You'll recall all that
Till one day
Ich sang auch in deiner letzten Nacht dein Schlaflied.
Ich stand neben dir. Du schliefst bereits, als sich deine Lippen noch bewegten.
Ich hielt deine Hand, als du nach hinten flogst und ich spürte, wie du den Druck erwidertest, als wir zusammen die Augen schlossen und die Welt an uns vorbei zog.
You too will pass.
Du hättest mich nur einmal ansehen müssen, Albus", sagte Ariana, beendete ihr Lied und sah zu ihrem Bruder hinüber, der neben ihr im Gras saß und plötzlich um einiges älter aussah, als ihn das Mädchen jemals erlebt hatte. Wieder tropfte eine Träne in seinen Schoß.
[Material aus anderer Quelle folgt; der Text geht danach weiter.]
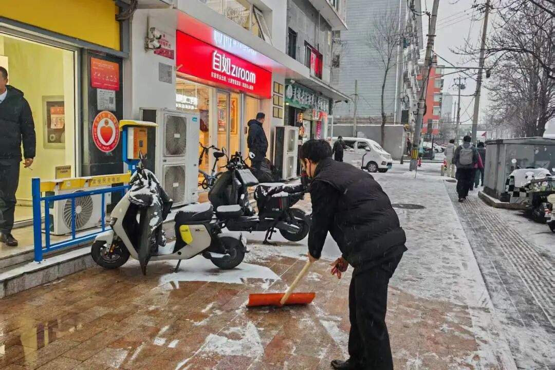 “路上的积雪清理了,心就踏实了。”一位正在扫雪的社区工作者笑着说道。沿街商户也纷纷响应“门前三包”号召,主动清扫门前积雪,物业工作人员更是提前部署,在坡道、台阶等易滑区域铺设防滑垫,设置警示标志,全力保障道路畅通和居民出行安全。

Ariana nahm sein gesicht in ihre zierlichen Hände und brachte ihn sanft dazu, sie an zu sehen.
„Jetzt kannst du ihn nicht loslassen, hab ich recht, Alby?", er blickte ihr in die Augen und nickte.
Mit einem Seufzer, der viel zu alt für sie klang und gleichzeitig im Wind verwehte, kaum war er ihr entwichen, stand Ariana auf.
„Dann werde ich dich jetzt mal mit ihm allein lassen. Sieh wer da kommt".
Sie deute auf die andere Seite des Gartens, wo der Nebel wieder aufgetaucht war und jetzt die Gestalt eines schwarzhaarigen Mannes und eines kleinen, dünnen Kindes umwaberte.
Ariana drehte sich um, als ihr Bruder sie noch einmal am Arm griff. Auf ein Mal sah er wieder viel jünger aus und in seinen Augen spiegelte sich Angst.
„Du wirst doch nicht ...?"
Ariana drückte seine Hand und lächelte. Auf einmal war sie es, die viel älter aussah.
„Nein, Albus, ich werde noch nicht gehen. Ich habe nicht ein Jahrhundert gewartet, um ohne dich zu gehen. Und außerdem", fügte sie hinzu, „kann ich dich doch nicht wieder mit dem kleinen Tom allein umspringen lassen."
Albus ließ ihre Hand los und blickte mit großen Augen auf das kleine zusammengerollte Wesen. Zuerst zeichnete sich Mitleid und eine Trauer auf seinen nun wieder alten Zügen ab, doch dann wanderten seine Augen zu Harry und ein strahlendes Lächeln bildete sich. Er stand auf und konnte nicht anders, als die Arme weit ausgebreitend, in den Nebel zurück zu schreiten.